***** Data records *****

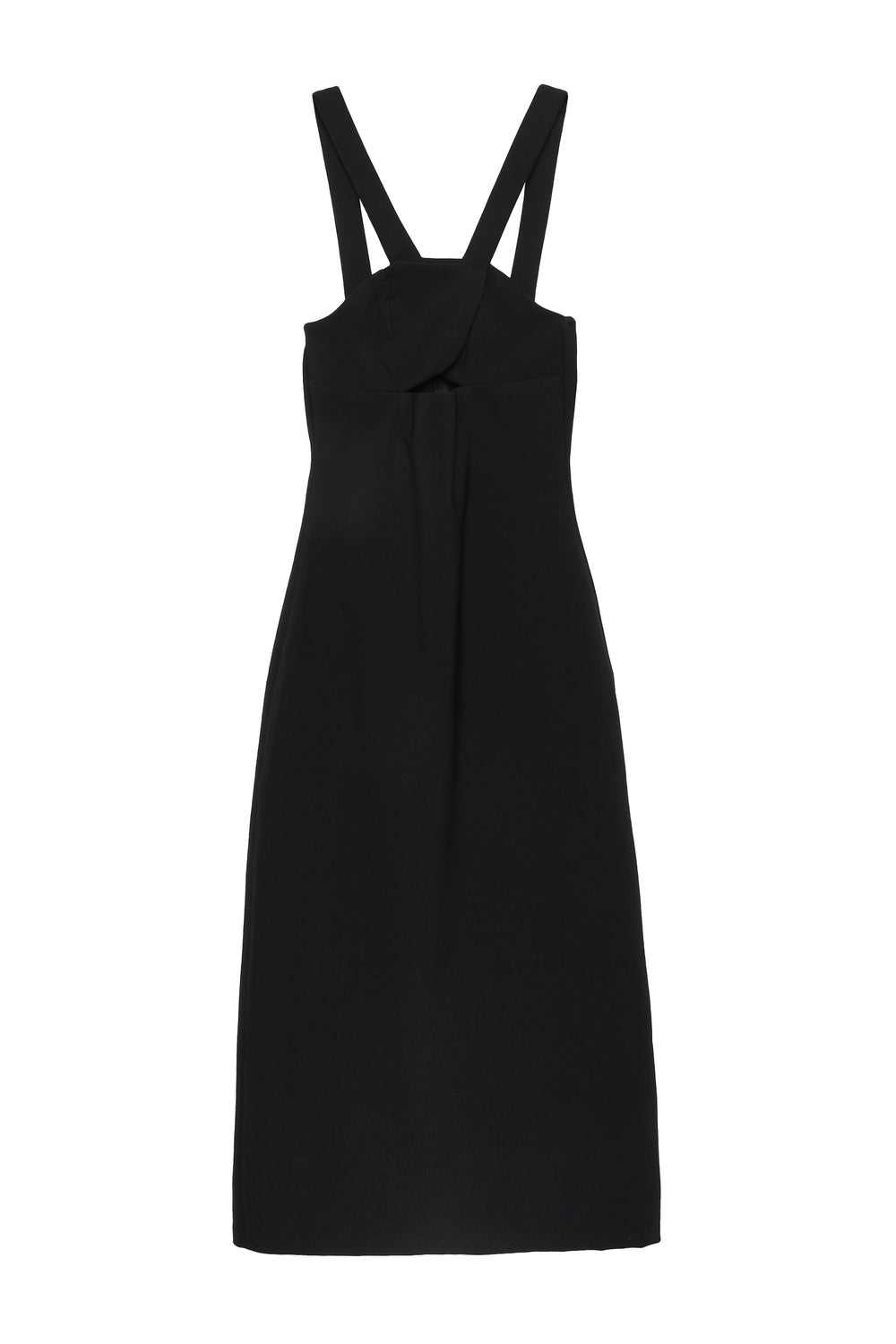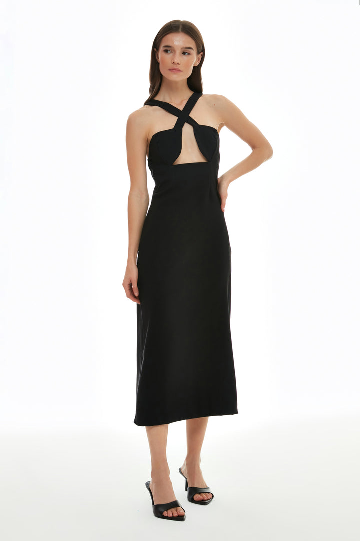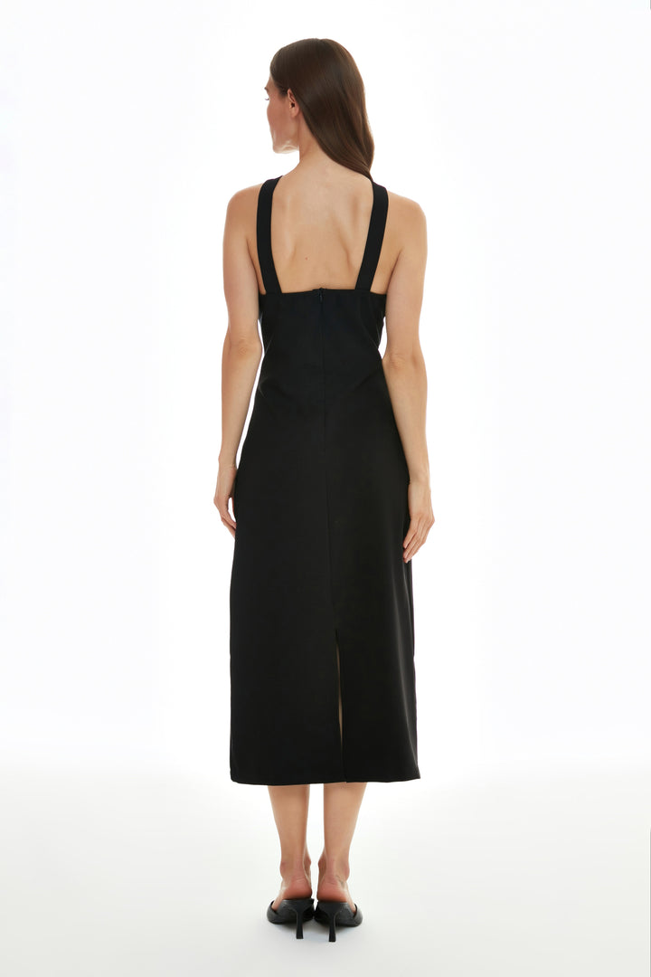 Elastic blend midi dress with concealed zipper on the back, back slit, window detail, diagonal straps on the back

*****
***** Data records *****

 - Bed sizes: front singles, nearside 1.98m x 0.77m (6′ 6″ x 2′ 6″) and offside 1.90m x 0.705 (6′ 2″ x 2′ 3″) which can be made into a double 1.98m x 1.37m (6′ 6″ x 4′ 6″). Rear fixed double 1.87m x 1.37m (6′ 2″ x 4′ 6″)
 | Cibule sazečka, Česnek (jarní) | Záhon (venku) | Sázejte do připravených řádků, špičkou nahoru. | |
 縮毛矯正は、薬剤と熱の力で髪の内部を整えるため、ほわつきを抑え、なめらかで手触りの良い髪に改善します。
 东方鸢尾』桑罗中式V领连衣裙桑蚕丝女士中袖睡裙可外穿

*****

Take the line above containing "- Bed sizes: front", the line containing "东方鸢尾』桑罗中式V领连衣裙桑蚕丝女士中袖睡裙可外穿", and all lines in between, and copy them exactly without anything else.

 - Bed sizes: front singles, nearside 1.98m x 0.77m (6′ 6″ x 2′ 6″) and offside 1.90m x 0.705 (6′ 2″ x 2′ 3″) which can be made into a double 1.98m x 1.37m (6′ 6″ x 4′ 6″). Rear fixed double 1.87m x 1.37m (6′ 2″ x 4′ 6″)
 | Cibule sazečka, Česnek (jarní) | Záhon (venku) | Sázejte do připravených řádků, špičkou nahoru. | |
 縮毛矯正は、薬剤と熱の力で髪の内部を整えるため、ほわつきを抑え、なめらかで手触りの良い髪に改善します。
 东方鸢尾』桑罗中式V领连衣裙桑蚕丝女士中袖睡裙可外穿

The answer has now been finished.